The Liberal government has followed through on its campaign commitment to pull Canadian CF-18 fighter jets out of Iraq and Syria. Simultaneously, Prime Minister Trudeau announced that we will be leaving planes for reconnaissance and one capable of mid-air refueling of other nations’ fighter jets. The focus of Canada’s efforts were announced to be shifting with $1.6 billion over the next three years for humanitarian assistance, while also increasing the number of Canadian troops in the region. Tripling the number of armed forces personnel to over 800 people, the new focus was announced as training for the Kurdish forces. Canada will also be providing weapons to the Kurdish Peshmerga forces. Flanked by his ministers of international development, foreign affairs and defence (Marie-Claude Bibeau, Stephane Dion and Harjit Sajjan) Trudeau stressed Canada wanted to balance our military role with greater diplomatic and development efforts.
So what are we to make of this?
My starting point is that in engaging on foreign wars, as in medicine, the injunction should always be “first – do no harm.” The intractable mess we face today is virtually entirely due to Western nations, primarily the United States, wading into the region with disastrous results. Among the many disasters inflicted on the Iraqi people primarily, but on the rest of the world, was a rise in religious fundamentalism. Saddam Hussein, while a brutal dictator, was a secular dictator. His cabinet included women and had no Islamist doctrine. His Sunni leadership and the Baathist party kept things relatively calm in the simmering Sunni-Shia divide. But after the US invasion, the “shock and awe” campaign and US puppet governments put in place, the Baathists were banned from working in government, from being in the army. The US created a vast cadre of unemployable people with skills. They knew how to run an army, fight a war, run a government. Shunned from any role in the future government, previously secular Baathists were hired by ISIS. Some Baathists became radicalized. Iraq became the breeding ground for a group with dangerous ambitions.

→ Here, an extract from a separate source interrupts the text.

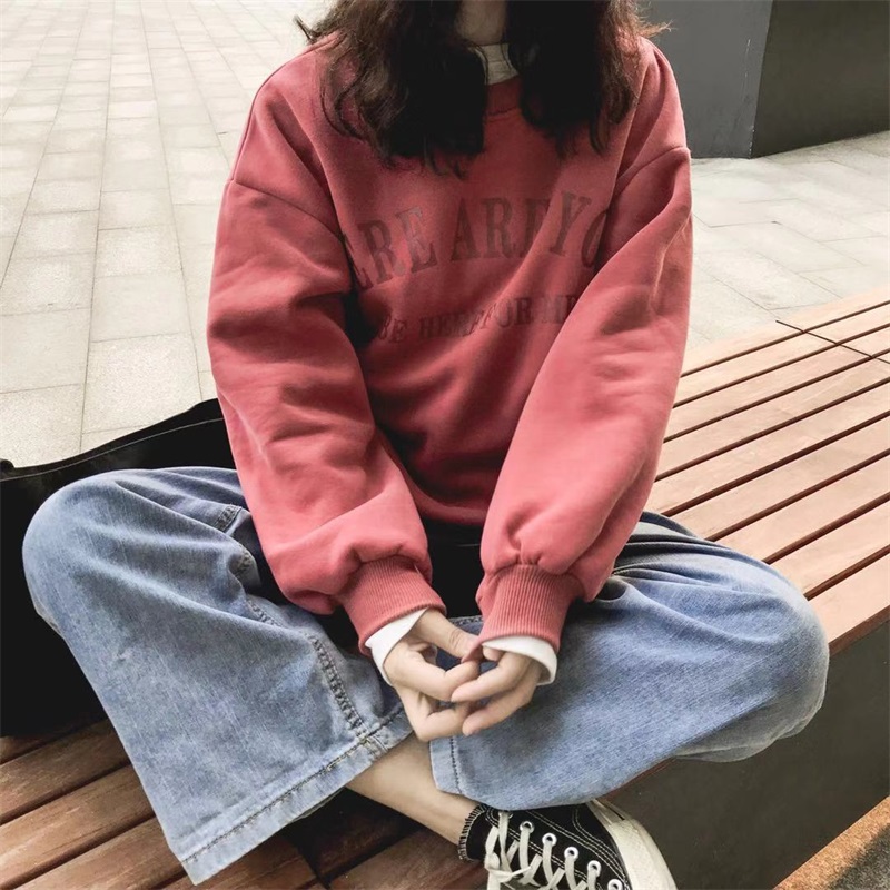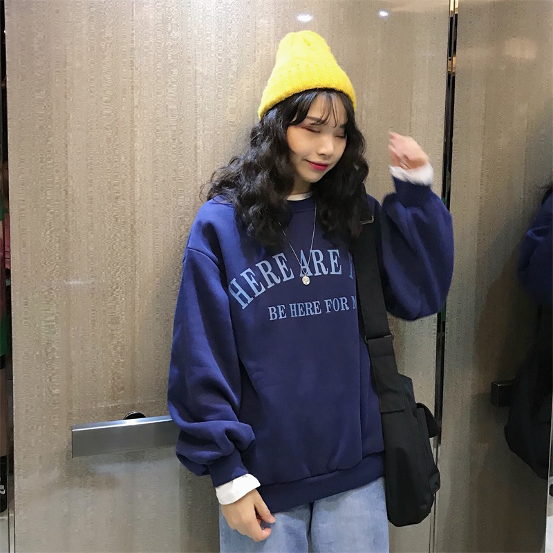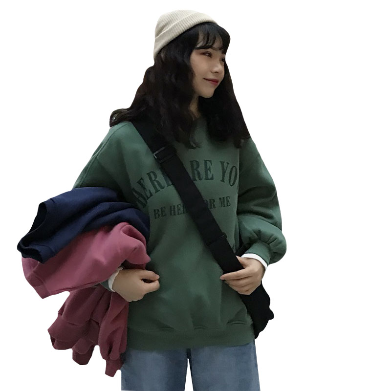2018新款秋冬韓版原宿風字母加絨加厚寬松套頭超火衛衣上衣外套女

Canada’s actions in Libya contributed to another failed state. And we – knowing that al-Qaeda forces were among the rebel groups – still recognized them as the legitimate government of Libya. And then we stood by as all of Colonel Gaddafi’s warehouses of armaments were shipped out to terrorists.

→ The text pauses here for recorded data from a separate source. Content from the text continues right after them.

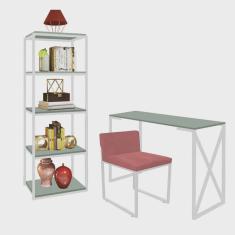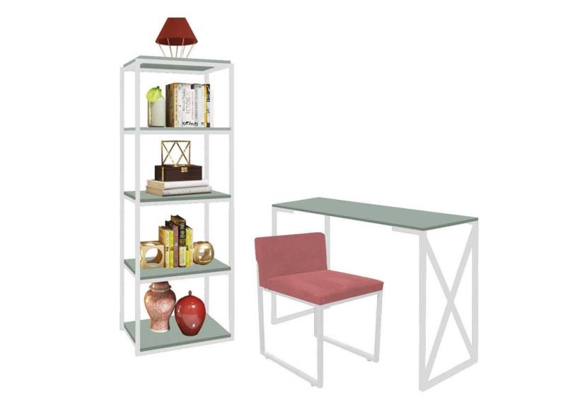 O menor preço encontrado no Brasil para Kit Escritório Bex 1 Cadeira Suede Rose com 1 Mesa e 1 Livreiro Ferro Branco MDF Verde Oliva - Ahazzo Móveis atualmente é R$ 1.269,90.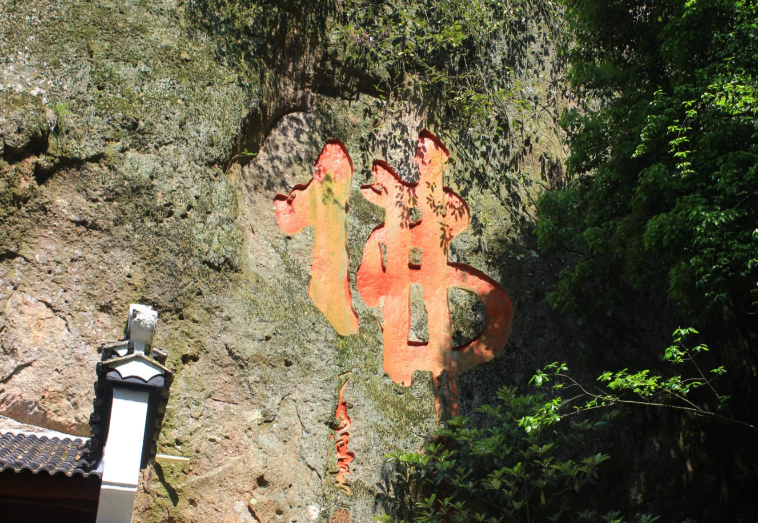 大慈岩的又一特色是长谷溪流。大慈岩山高坡陡,山顶谷中有玉华湖,水从谷口中流出,或因大石挡道成溪流,或奔腾直泻成瀑布,或渗于乱石丛中成泉水,或隐或显,或大或小,或急或缓,曲曲折折直至山脚,形成一条800多米长的山水相映的秀丽景观。大慈岩的再一特色是全国最大的天然立佛。从侧面看整个大慈岩主峰就是一尊地藏王菩萨的立像。它身高147米,其中头部高41.3米,宽60米,由奇石、怪洞、草木和谐地组合成大佛的五官,惟妙惟肖,形象十分逼真。经旅游专家鉴定,已被命名为“全国最大天然立佛”,被誉为“中华一绝”。而大慈岩也因“山是一尊佛,佛是一座山”的稀有自然景观而名扬四海,载入《中国之最》。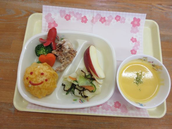 きいろチームさんのリクエストメニューの、オムライス・唐揚げ・南瓜スープが入った、お楽しみメニューでした。

Syria is a giant mess of competing nasty forces. The government (if one can still call it that) is run by a brutal dictator Bashar Al-Assad. Assad is supported by Iran and Hezbollah, while Al-Qaeda, al-Nusra, and ISIS want to over-turn Assad. Saudi Arabia is reported to be supporting ISIS. Russia supports Assad and is using its access to bombing, legitimized by US and its allies own bombing campaigns, to hit hard at Assad’s enemies – whether they are ISIS or not.
Why is Canada training Kurds? Because in a vast network of unappetizing choices — legions of killers no one can support, no good guys — at least the Kurds have a clear agenda. They are motivated by an intense desire to have their own country. So while it may help stop the advance of ISIS in Syria to train and arm Kurds, there is no question that the long-range impact will stretch beyond Syria, to fuel Kurdish dreams of a homeland in Iraq and Turkey. And our allies will not be so happy then. And, the Kurds when gaining ground against ISIS may not meet our standards of respect for human rights.

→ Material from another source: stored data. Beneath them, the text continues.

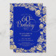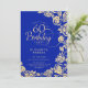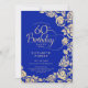 Convite de aniversário real de ouro azul floral 60º. Design elegante com rosas, folha de ouro falsa e letra de script de tipografia. A Trendy convida o cartão perfeito para uma festa de na moda. Pode ser personalizado para qualquer idade. Personalize com seus próprios detalhes. Impressos convites Zazzle ou modelo de impressão digital instantânea para download.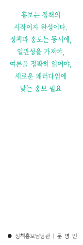 ¿ì¼± Á¤Ã¥È«º¸ÀÇ °³³äÀ» ¸íÈ®È÷ ÇÒ Çʿ䰡 ÀÖ´Ù. Á¤Ã¥È«º¸¶õ °áÁ¤µÈ Á¤Ã¥À» ÀϹæÀûÀ¸·Î ¾Ë¸®´Â °ÍÀÌ ¾Æ´Ï¶ó, ¿Ã¹Ù¸¥ ¿©·ÐÀ» Áø´ÜÇϰí Á¤Ã¥¿¡ À̸¦ ¹Ý¿µÇØ ¾Ë¸®´Â °ÍÀ¸·Î Á¤Ã¥ÀÇ ÀÔ¾È, Çü¼º, ÁýÇà, Æò°¡ µî Á¤Ã¥ÀÇ ´Ü°è¿¡¼ ±¹¹Î°úÀÇ ½Ö¹æÇâ Ä¿¹Â´ÏÄÉÀ̼ÇÀ» ¼öÇàÇϱâ À§ÇÑ ¸ðµç Ȱµ¿À» ÀǹÌÇÑ´Ù.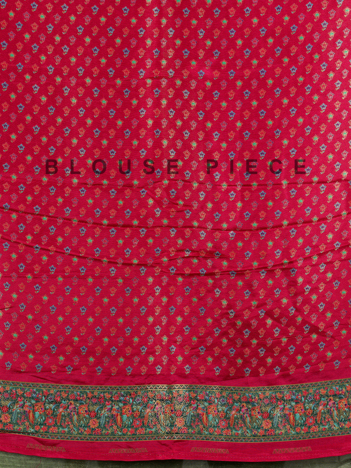 Earthy dark olive green tones define this semi pashmina silk saree crafted for festive styling. Featuring zari and colorful motif weaving, it reflects traditional richness. Ideal for weddings and mehendi functions, it comes with an unstitched contrast blouse.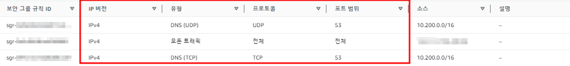 각 인스턴스에 적용되는 보안 규칙에서 대해서 AWS DNS 서버의 보안 규칙 중 인바운드에 대한 부분을 허용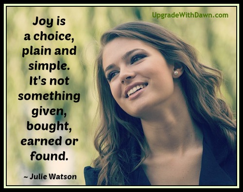 Joy is a choice, plain and simple. It’s not something given, bought, earned or found.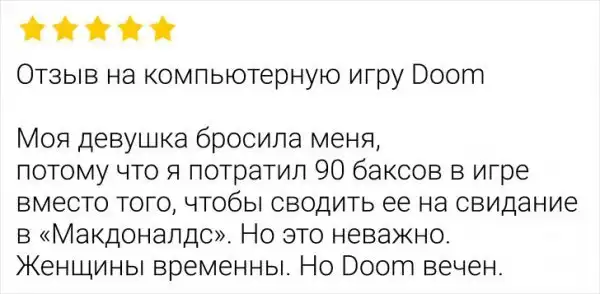 Порой люди пишут такие искрометные отзывы в интернет-магазинах, что сразу же возникает желание купить тот или иной товар. В этих отзывах есть все: интригующая завязка, драматичное развитие и, конечно же, юмор. Давайте посмотрим.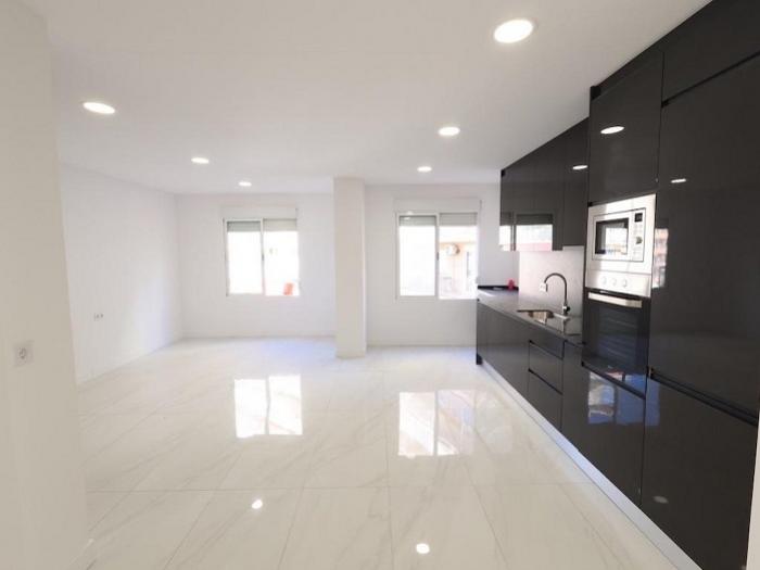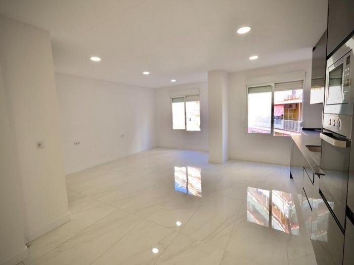 Torrevieja (03180) : Vente bel appartement de 4 pièces, entièrement rénové, avec terrasse et vue latérale sur la mer, d'une superficie de 104 m² Surface Construite, situé dans le cœur de Torrevieja à 30 mètres seulement de la mer et de la Plage del Cura. Un appartement lumineux et spacieux, au 3ème étage d'une résidence avec ascenseur. Il se compose comme suit :

As long as the mission is described as “getting rid of ISIS” we have the wrong mission. If we could re-cast it as “advancing peace and stability in the region,” we might have a hope. To do so, we should press Iraq to lift the ban on hiring former members of the Baathist party. To achieve peace in the region, we need a coordinated effort engaging all our allies – including Russia and China.
For that, I do appreciate that the new government speaks of enhancing our humanitarian and diplomatic roles. We could do more to stop the flow of weapons and money to ISIS through its black market activities. We could invite all the key governments with a role to play to a conference – hosted in Canada – with the goal of finding and plugging ISIS’s financial networks. This we could do.
We could back the United Nations process. We could establish the right kind of coalition. We should call for an end to airstrikes. We might anger allies who like bombing missions, but they inevitably kill more innocents. I believe that what critics are calling an incoherence in the new Trudeau policy comes from a desire to pull out of airstrikes, while trying to support allies, like the United States, that will continue with bombing. Bombing missions will not stop ISIS. And they cannot bring peace and stability to the region.
Only cease-fires and negotiations can do that.